* _Your assignment_:
Leaving out the pictures, return word for word the stretch of entries below from the line holding "6月26日,嘉宾(右)在非遗展演暨青年集市上展示自己的剪纸作品。" through the line holding "SolarGroup — это".

Items from a dataset

+ + + +

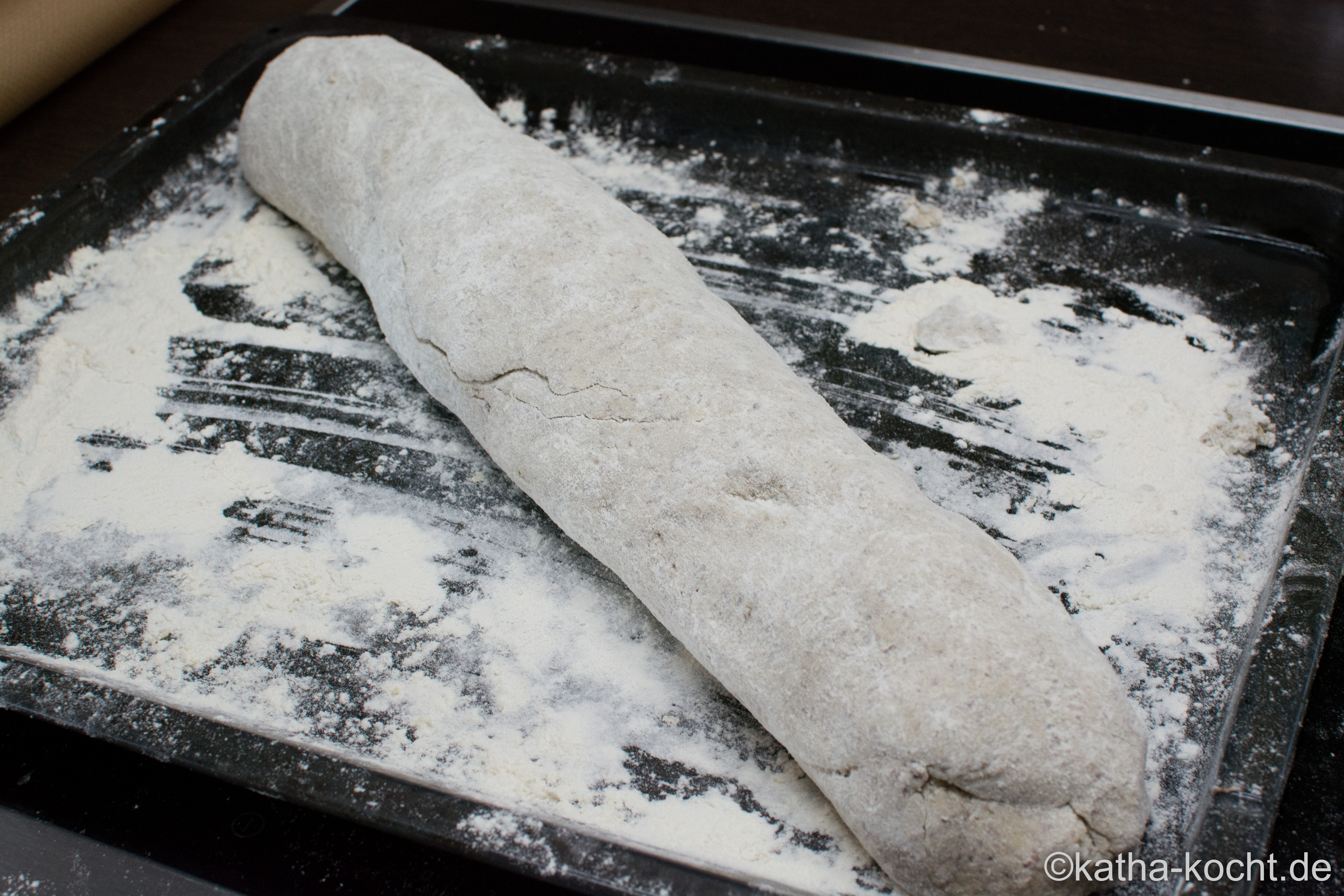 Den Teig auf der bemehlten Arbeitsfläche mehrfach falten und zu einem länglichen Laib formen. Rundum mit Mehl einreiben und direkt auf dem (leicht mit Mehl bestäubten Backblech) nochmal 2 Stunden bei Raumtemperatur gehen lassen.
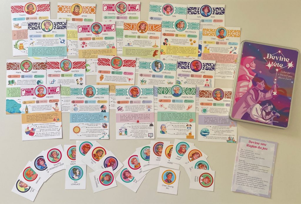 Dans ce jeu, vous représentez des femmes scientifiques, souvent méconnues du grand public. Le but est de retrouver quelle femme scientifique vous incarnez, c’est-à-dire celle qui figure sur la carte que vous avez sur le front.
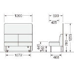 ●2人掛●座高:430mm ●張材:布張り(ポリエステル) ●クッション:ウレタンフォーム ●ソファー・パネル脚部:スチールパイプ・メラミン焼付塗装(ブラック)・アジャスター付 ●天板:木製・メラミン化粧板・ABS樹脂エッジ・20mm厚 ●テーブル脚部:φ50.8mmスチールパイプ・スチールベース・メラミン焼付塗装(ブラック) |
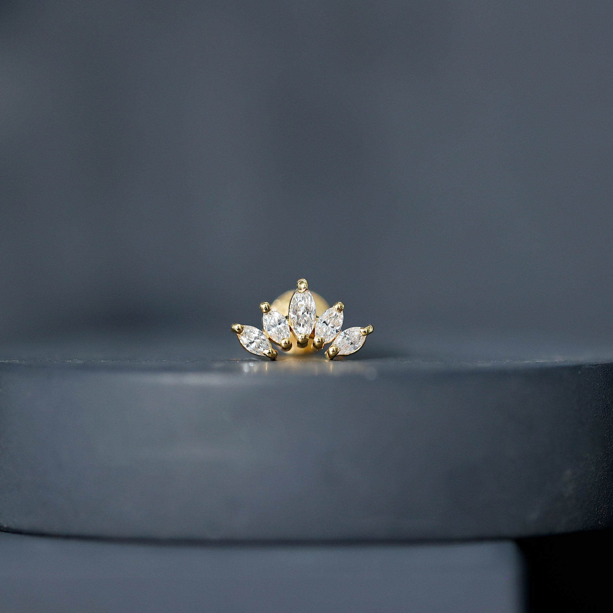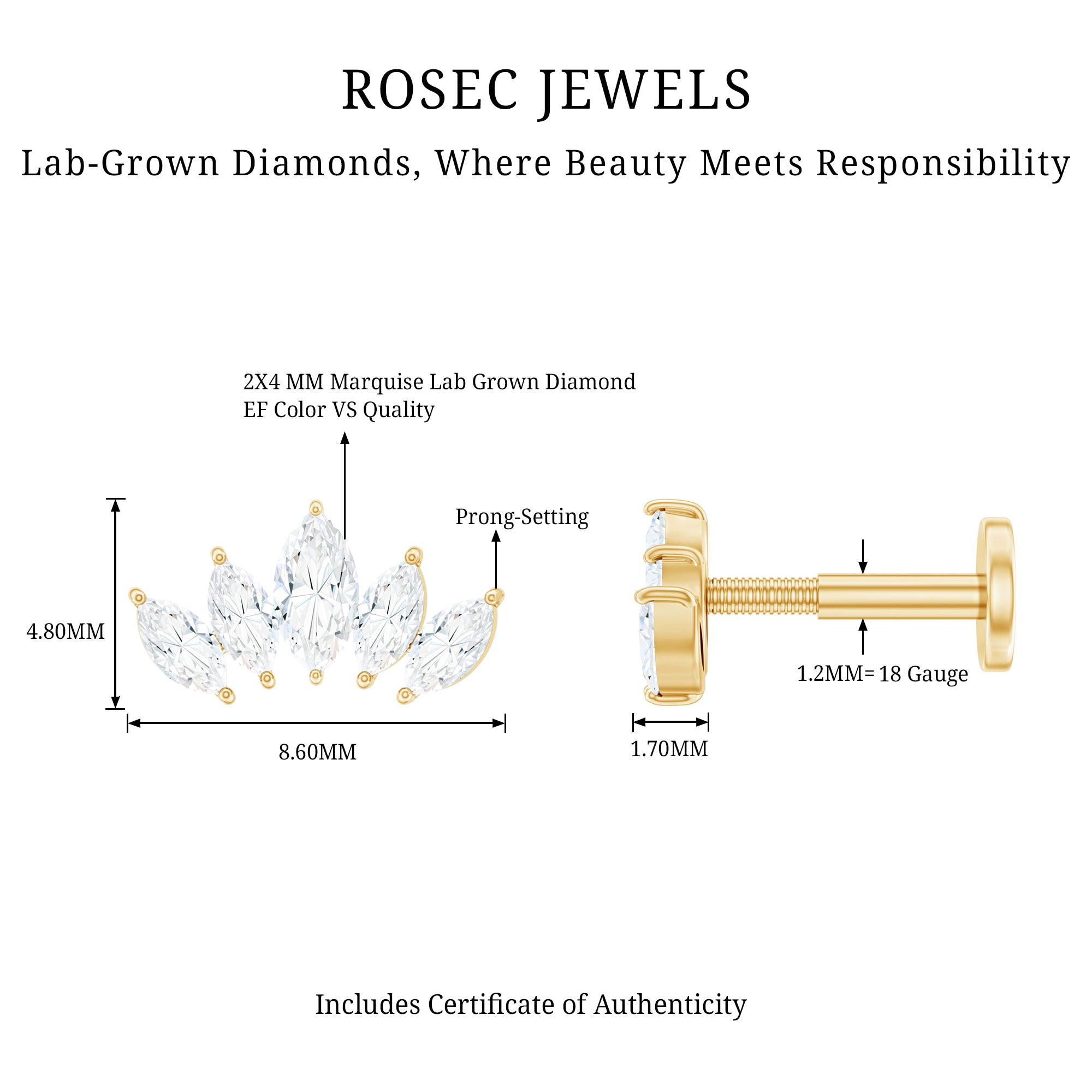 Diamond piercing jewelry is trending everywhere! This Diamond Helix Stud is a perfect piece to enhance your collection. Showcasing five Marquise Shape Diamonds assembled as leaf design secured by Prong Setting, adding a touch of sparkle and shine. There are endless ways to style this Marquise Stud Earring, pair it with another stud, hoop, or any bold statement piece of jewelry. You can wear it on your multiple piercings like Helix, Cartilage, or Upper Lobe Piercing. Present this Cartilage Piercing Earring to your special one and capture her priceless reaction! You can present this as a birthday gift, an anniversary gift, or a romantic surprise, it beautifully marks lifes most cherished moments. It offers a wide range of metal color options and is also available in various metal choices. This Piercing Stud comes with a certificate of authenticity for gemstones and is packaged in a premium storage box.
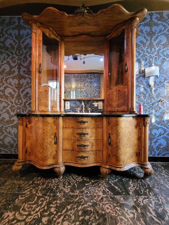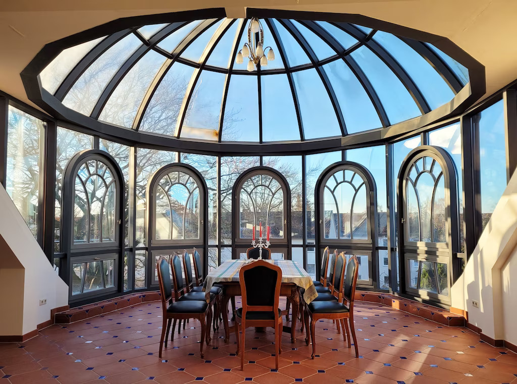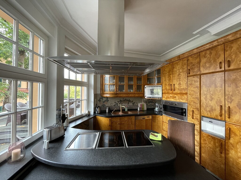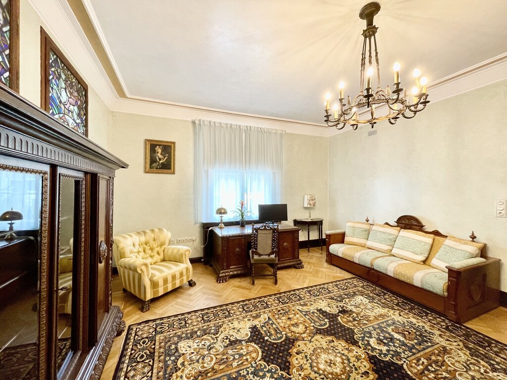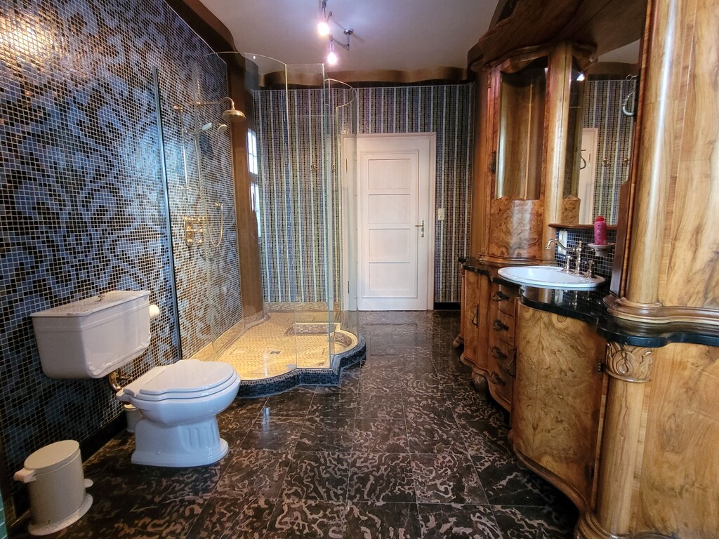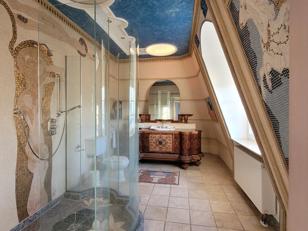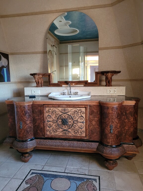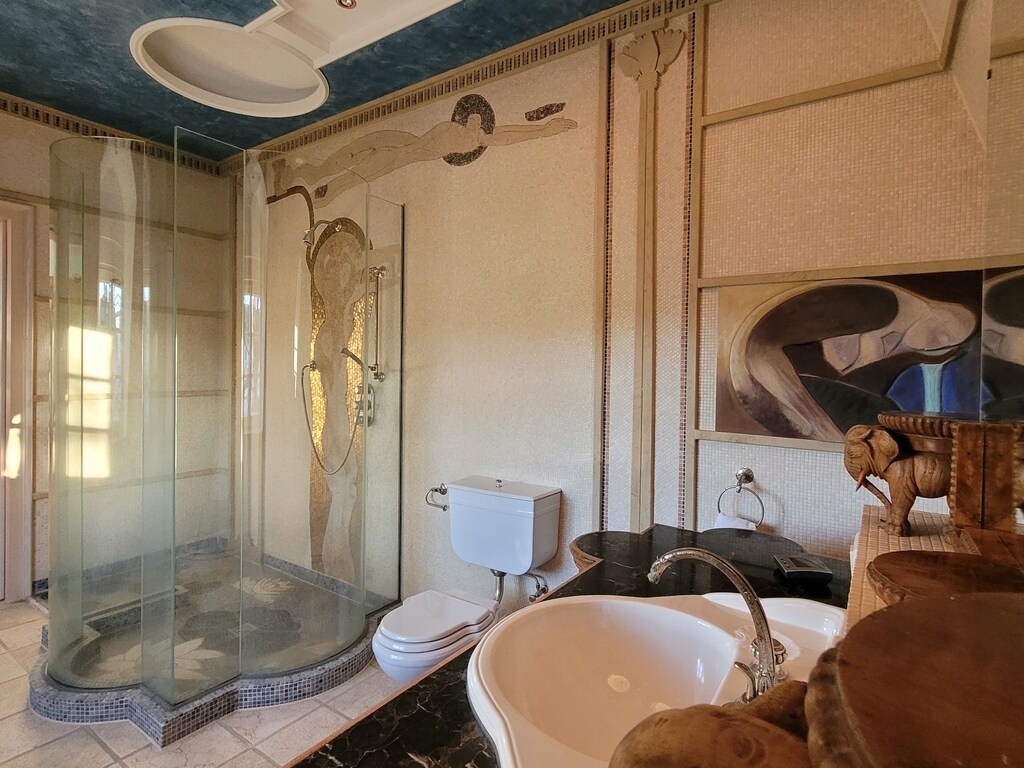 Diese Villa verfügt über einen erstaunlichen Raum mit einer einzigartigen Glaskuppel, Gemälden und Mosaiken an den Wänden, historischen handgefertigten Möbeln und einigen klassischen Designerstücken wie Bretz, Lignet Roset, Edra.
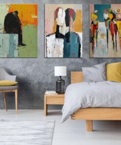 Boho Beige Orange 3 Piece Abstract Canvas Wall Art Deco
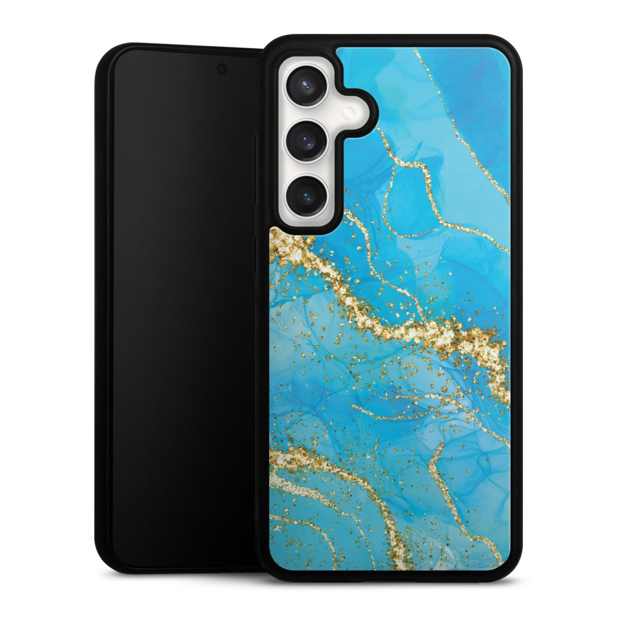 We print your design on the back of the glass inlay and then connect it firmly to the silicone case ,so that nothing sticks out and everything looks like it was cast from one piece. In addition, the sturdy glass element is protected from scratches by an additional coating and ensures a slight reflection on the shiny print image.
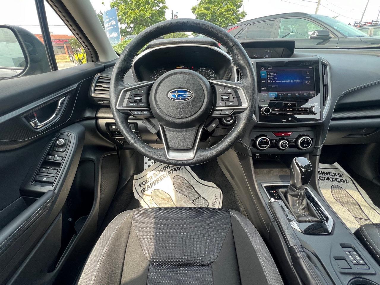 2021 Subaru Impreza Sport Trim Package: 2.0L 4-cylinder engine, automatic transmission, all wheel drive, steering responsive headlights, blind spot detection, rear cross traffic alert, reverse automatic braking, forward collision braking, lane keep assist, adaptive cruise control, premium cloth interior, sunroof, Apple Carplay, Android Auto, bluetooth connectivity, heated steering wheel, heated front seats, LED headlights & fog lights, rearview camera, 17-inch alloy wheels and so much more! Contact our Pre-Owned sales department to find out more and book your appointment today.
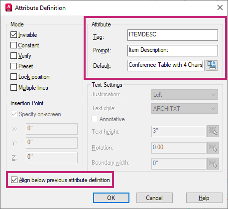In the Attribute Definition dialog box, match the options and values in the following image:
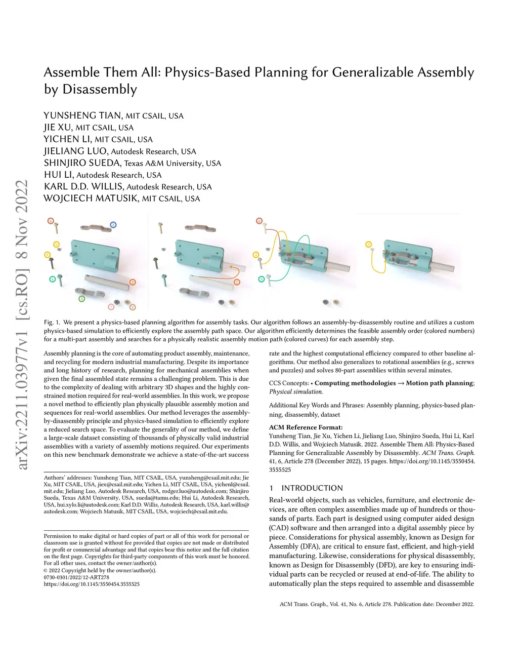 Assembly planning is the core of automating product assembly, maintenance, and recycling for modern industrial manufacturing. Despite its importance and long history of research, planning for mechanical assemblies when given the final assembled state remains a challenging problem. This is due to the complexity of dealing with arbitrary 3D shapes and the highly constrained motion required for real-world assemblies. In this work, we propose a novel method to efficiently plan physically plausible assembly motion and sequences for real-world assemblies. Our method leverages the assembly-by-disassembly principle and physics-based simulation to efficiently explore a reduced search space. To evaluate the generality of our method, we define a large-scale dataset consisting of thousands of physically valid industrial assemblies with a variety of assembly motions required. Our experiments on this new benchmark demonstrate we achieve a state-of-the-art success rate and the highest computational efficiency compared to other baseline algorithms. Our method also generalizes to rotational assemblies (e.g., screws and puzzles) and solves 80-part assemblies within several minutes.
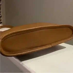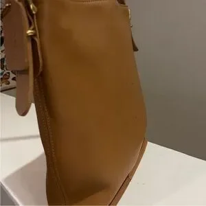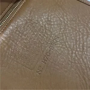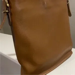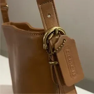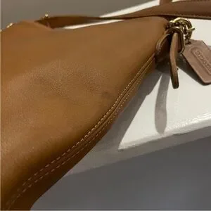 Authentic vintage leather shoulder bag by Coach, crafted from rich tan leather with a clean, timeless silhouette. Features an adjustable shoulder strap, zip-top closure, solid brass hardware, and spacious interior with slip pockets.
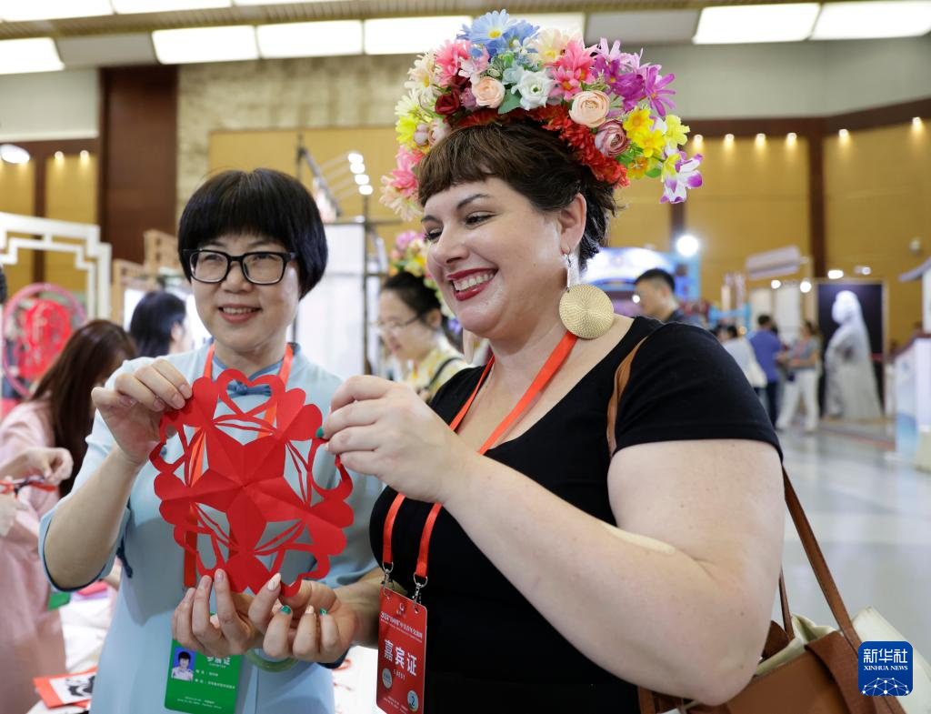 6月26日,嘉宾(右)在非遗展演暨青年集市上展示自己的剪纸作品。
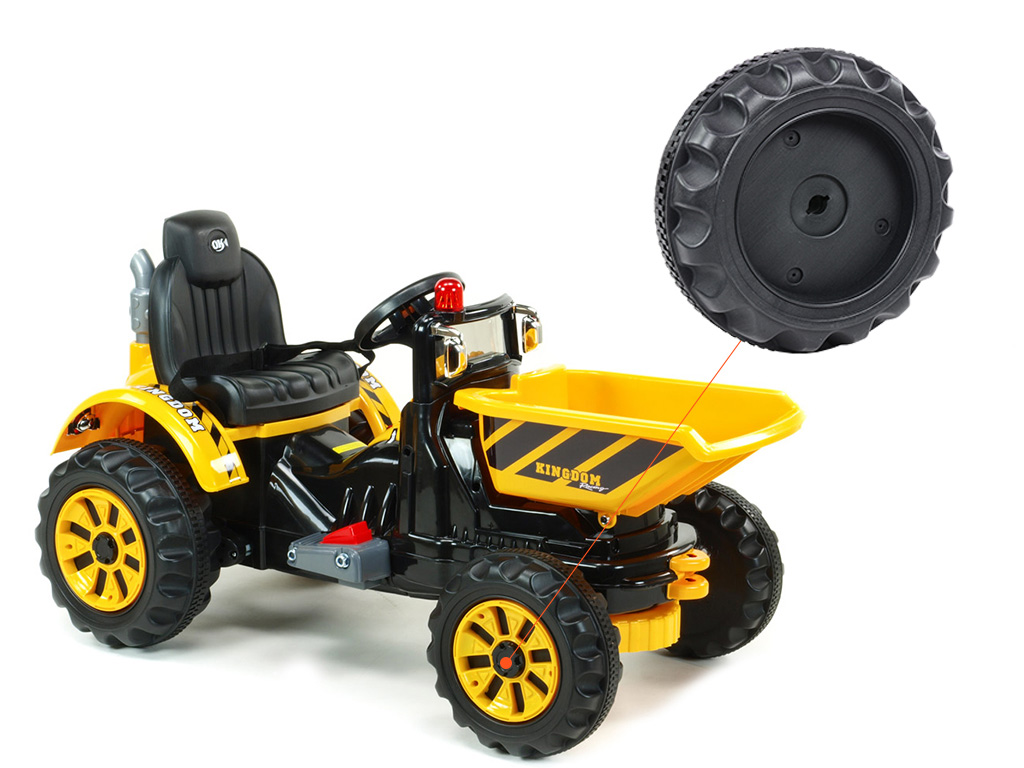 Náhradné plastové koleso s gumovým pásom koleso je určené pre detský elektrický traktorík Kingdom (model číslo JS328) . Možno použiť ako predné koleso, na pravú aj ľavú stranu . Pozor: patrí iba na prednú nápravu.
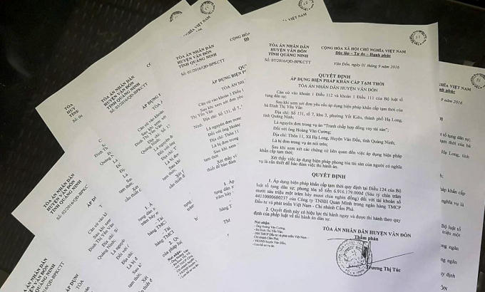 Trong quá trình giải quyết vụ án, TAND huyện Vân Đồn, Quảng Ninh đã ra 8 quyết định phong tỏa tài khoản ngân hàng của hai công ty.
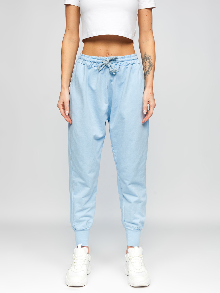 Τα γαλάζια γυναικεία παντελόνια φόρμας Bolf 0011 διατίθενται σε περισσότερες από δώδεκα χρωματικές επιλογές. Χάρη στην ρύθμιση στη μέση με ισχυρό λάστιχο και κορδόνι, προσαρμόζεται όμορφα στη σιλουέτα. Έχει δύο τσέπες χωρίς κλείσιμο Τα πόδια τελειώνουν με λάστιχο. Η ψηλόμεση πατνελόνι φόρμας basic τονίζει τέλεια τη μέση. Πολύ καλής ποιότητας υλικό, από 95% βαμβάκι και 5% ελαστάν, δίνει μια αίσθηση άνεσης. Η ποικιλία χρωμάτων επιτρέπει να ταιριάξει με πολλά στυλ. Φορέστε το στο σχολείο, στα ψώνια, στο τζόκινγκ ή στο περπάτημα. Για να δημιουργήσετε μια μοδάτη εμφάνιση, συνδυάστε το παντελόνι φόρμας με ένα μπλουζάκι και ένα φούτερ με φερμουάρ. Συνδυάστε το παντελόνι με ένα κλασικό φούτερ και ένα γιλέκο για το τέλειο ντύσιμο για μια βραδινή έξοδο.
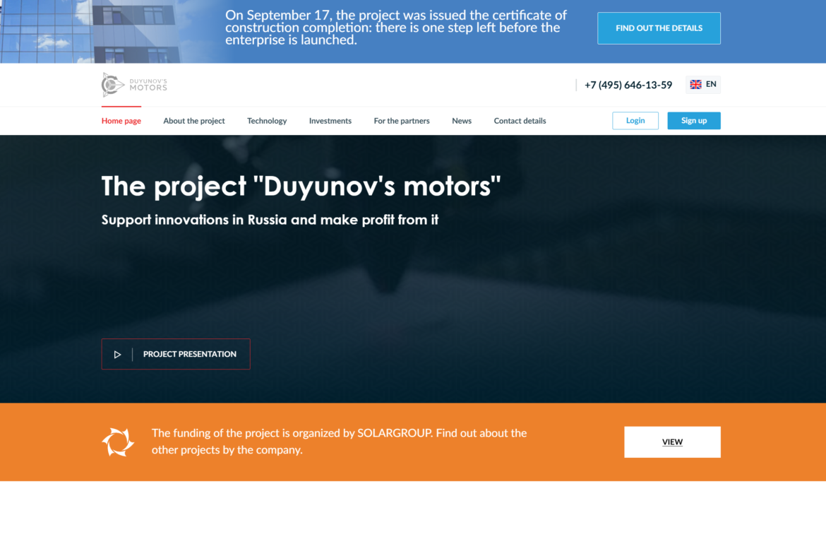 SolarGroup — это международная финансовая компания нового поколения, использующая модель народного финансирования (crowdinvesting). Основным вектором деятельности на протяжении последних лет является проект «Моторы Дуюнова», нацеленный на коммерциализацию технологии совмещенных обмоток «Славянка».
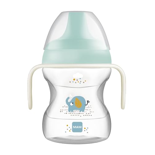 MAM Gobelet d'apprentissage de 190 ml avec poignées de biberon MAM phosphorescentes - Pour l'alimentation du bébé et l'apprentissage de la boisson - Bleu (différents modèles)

+ + + +

* _Problem solution_:
 6月26日,嘉宾(右)在非遗展演暨青年集市上展示自己的剪纸作品。
 Náhradné plastové koleso s gumovým pásom koleso je určené pre detský elektrický traktorík Kingdom (model číslo JS328) . Možno použiť ako predné koleso, na pravú aj ľavú stranu . Pozor: patrí iba na prednú nápravu.
 Trong quá trình giải quyết vụ án, TAND huyện Vân Đồn, Quảng Ninh đã ra 8 quyết định phong tỏa tài khoản ngân hàng của hai công ty.
 Τα γαλάζια γυναικεία παντελόνια φόρμας Bolf 0011 διατίθενται σε περισσότερες από δώδεκα χρωματικές επιλογές. Χάρη στην ρύθμιση στη μέση με ισχυρό λάστιχο και κορδόνι, προσαρμόζεται όμορφα στη σιλουέτα. Έχει δύο τσέπες χωρίς κλείσιμο Τα πόδια τελειώνουν με λάστιχο. Η ψηλόμεση πατνελόνι φόρμας basic τονίζει τέλεια τη μέση. Πολύ καλής ποιότητας υλικό, από 95% βαμβάκι και 5% ελαστάν, δίνει μια αίσθηση άνεσης. Η ποικιλία χρωμάτων επιτρέπει να ταιριάξει με πολλά στυλ. Φορέστε το στο σχολείο, στα ψώνια, στο τζόκινγκ ή στο περπάτημα. Για να δημιουργήσετε μια μοδάτη εμφάνιση, συνδυάστε το παντελόνι φόρμας με ένα μπλουζάκι και ένα φούτερ με φερμουάρ. Συνδυάστε το παντελόνι με ένα κλασικό φούτερ και ένα γιλέκο για το τέλειο ντύσιμο για μια βραδινή έξοδο.
 SolarGroup — это международная финансовая компания нового поколения, использующая модель народного финансирования (crowdinvesting). Основным вектором деятельности на протяжении последних лет является проект «Моторы Дуюнова», нацеленный на коммерциализацию технологии совмещенных обмоток «Славянка».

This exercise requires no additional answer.